Pandas Basics
Pandas is a powerful Python library for data manipulation and analysis. In materials informatics, Pandas is commonly used to work with data from databases like the Materials Project, analyze simulation results, and prepare data for visualization.
Introduction to Pandas¶
Pandas provides two main data structures:
Series: A one-dimensional labeled array (like a column in a spreadsheet)
DataFrame: A two-dimensional labeled data structure (like a spreadsheet or SQL table)
DataFrames are the most commonly used structure and will be used throughout this course for handling materials data.
Creating DataFrames¶
There are several ways to create DataFrames. The most common way is from dictionaries.
import pandas as pd
import numpy as np
# Create a DataFrame from a dictionary
data = {
'material_id': ['mp-1', 'mp-2', 'mp-3', 'mp-4', 'mp-5'],
'density': [5.2, 3.1, 4.8, 2.9, 5.5],
'bulk_modulus': [150, 120, 180, 110, 160],
'shear_modulus': [80, 70, 95, 60, 85]
}
df = pd.DataFrame(data)
print(df) material_id density bulk_modulus shear_modulus
0 mp-1 5.2 150 80
1 mp-2 3.1 120 70
2 mp-3 4.8 180 95
3 mp-4 2.9 110 60
4 mp-5 5.5 160 85
# Display first 5 rows
print("First rows:")
print(df.head())
# Display last 5 rows
print("\nLast rows:")
print(df.tail())
# Display summary statistics
print("\nSummary statistics:")
print(df.describe())
# Display DataFrame shape (rows, columns)
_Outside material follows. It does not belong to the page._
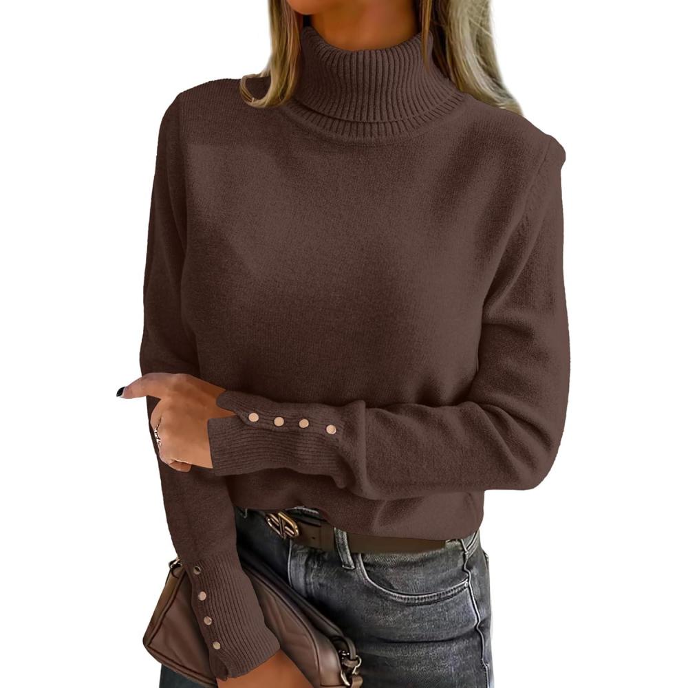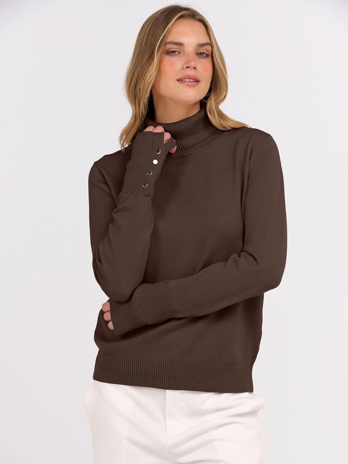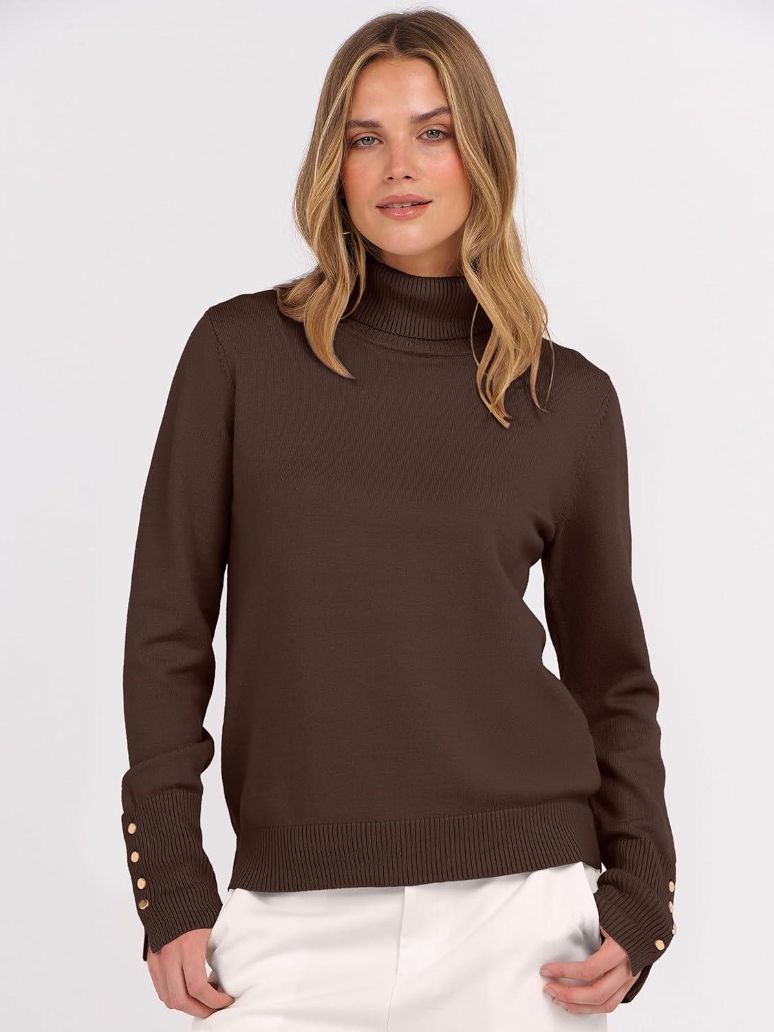 ANRABESS Turtleneck Sweaters for Women 2025 Fall Long Sleeve Dressy Casual Soft Knitted Button Basic Pullover Tops Outfits(Chocola)

print(f"\nDataFrame shape: {df.shape}")First rows:
material_id density bulk_modulus shear_modulus
0 mp-1 5.2 150 80
1 mp-2 3.1 120 70
2 mp-3 4.8 180 95
3 mp-4 2.9 110 60
4 mp-5 5.5 160 85
Last rows:
material_id density bulk_modulus shear_modulus
0 mp-1 5.2 150 80
1 mp-2 3.1 120 70
2 mp-3 4.8 180 95
3 mp-4 2.9 110 60
4 mp-5 5.5 160 85
Summary statistics:
density bulk_modulus shear_modulus
count 5.000000 5.000000 5.000000
mean 4.300000 144.000000 78.000000
std 1.214496 28.809721 13.509256
min 2.900000 110.000000 60.000000
25% 3.100000 120.000000 70.000000
50% 4.800000 150.000000 80.000000
75% 5.200000 160.000000 85.000000
max 5.500000 180.000000 95.000000
DataFrame shape: (5, 4)
Selecting Data¶
# Select single column (returns a Series)
material_ids = df['material_id']
print("Single column:")
print(material_ids)
# Select multiple columns (returns a DataFrame)
print("\nMultiple columns:")
subset = df[['material_id', 'density']]
print(subset)
# Select rows by index
print("\nFirst 3 rows:")
first_3 = df.iloc[0:3]
print(first_3)
# Select rows by condition
print("\nMaterials with density > 4.0:")
high_density = df[df['density'] > 4.0]
print(high_density)
# Select rows with multiple conditions
print("\nMaterials with density between 3 and 5:")
medium_density = df[(df['density'] >= 3.0) & (df['density'] <= 5.0)]
print(medium_density)Single column:
0 mp-1
1 mp-2
2 mp-3
3 mp-4
4 mp-5
Name: material_id, dtype: str
Multiple columns:
material_id density
0 mp-1 5.2
1 mp-2 3.1
2 mp-3 4.8
3 mp-4 2.9
4 mp-5 5.5
First 3 rows:
material_id density bulk_modulus shear_modulus
0 mp-1 5.2 150 80
1 mp-2 3.1 120 70
2 mp-3 4.8 180 95
Materials with density > 4.0:
material_id density bulk_modulus shear_modulus
0 mp-1 5.2 150 80
2 mp-3 4.8 180 95
4 mp-5 5.5 160 85
Materials with density between 3 and 5:
material_id density bulk_modulus shear_modulus
1 mp-2 3.1 120 70
2 mp-3 4.8 180 95
Basic Aggregation and Statistics¶
# Calculate mean of a column
mean_density = df['density'].mean()
print(f"Mean density: {mean_density:.2f}")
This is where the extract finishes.